I’m not really bothered if people don’t consider software to be a serious engineering discipline. I’m not sure I do either. If someone wants that kind of thing, I’d recommend they go into a different engineering discipline, rather than trying to make software like that.
Tell me you don't know the first thing about engineering without telling me...
This is the engineering process. If you put five engineers of any discipline in a room, you will get five different answers. Every contractor and architect has their own ideas about how things should be done.
Furthermore, we do build houses this way, even in the modern age with building codes. The builder is going to do whatever they can get away with and this is a universal truth. The only reason bridges are held to such high standards is because of the monetary cost of a collapse.

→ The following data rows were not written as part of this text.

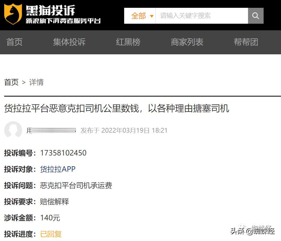 近几年,人社部一直不断强调新业态劳动者保障,骑手、网约车司机等皆在其列。2021年11月10日,货拉拉也宣布成立“司机权益保障委员会”,如今过去5个多月,效果如何?4月14日,蜘蛛经在黑猫投诉平台搜索“货拉拉”, 结果显示有15868条,具有讽刺意味的是,司机投诉居然占了绝大部分。
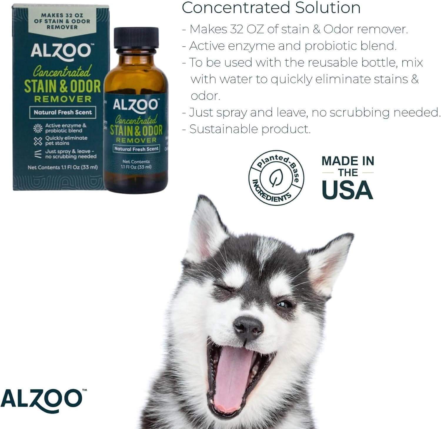 ALZOO Concentrated Stain & Odor Remover Refill Bottle, 100% Plant-Based Active Ingredients, 1.1 Fl. Oz, Pack of 3
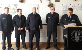 Florian Boes, Tobias Richter, Marco Tanghe, Hans-Jürgen de Jong, Ingo Wolf freuten sich über die Beförderungen (v. l.).
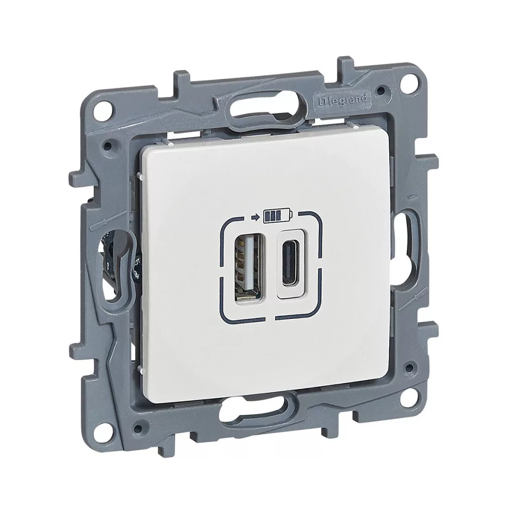Priză dublă de încărcare USB-A+C Legrand Niloé - 3 A - 15 W, albă - 764597

The "norms" are not what you think they are. They're tradition, they're "we've always done it this way". What you're talking about are laws written for public safety. Those laws only exist because we tried and failed to do things a certain way and the cost in money or lives was untenable.
> "I recognize a good solution when I see it" is just not good enough for a serious engineering discipline.
You're conflating engineering with science. A scientist will rigorously test and validate, but a huge part of engineering is just recognizing a good solution. Of course there's a lot of testing and validation in engineering as well, but not with the kind of rigor you're implying.
That's kinda like saying you can learn to drive by just getting into a car, crashing then thinking about how not to crash it next time.
In reality both things are necessary. The car analogy doesn't hold for road driving because we drive well within the limits, but for racing it really is necessary to know exactly where the limits are. I don't think we should really be treating our profession like a race, though.
But if you don't read it's going to be an incredibly long slow process and a lot of car crashes and mangled gearboxes etc. So I say read, read, and read some more. Even if you don't see the point of it right now your experience will later find a place for it and you won't end up descending a hill for the first time not knowing to shift to a lower gear.
>That's kinda like saying you can learn to drive by just getting into a car, crashing then thinking about how not to crash it next time.
That would be a perfectly valid way of learning to drive if crashing had no danger or destruction and you could instantly reset the car every time. Software is a special case of engineering where the cost of failure is extremely low, so trial and error is generally the fastest way to get going with actually doing something.
you mention a key point. profession. programmer doesnt really imply professional programmer.
I'd aay if you do it for a living, certain tedious chores must be learned. the best programmers i know (professional) can all read code. they spent many junior years learning to read it, being on code auditing desk.... nowadays idk how the landscape looks, but for all of them they had to review and read code to find bugs before they were allowed to produce code (they all worked at same company ofc... so my view is limited!)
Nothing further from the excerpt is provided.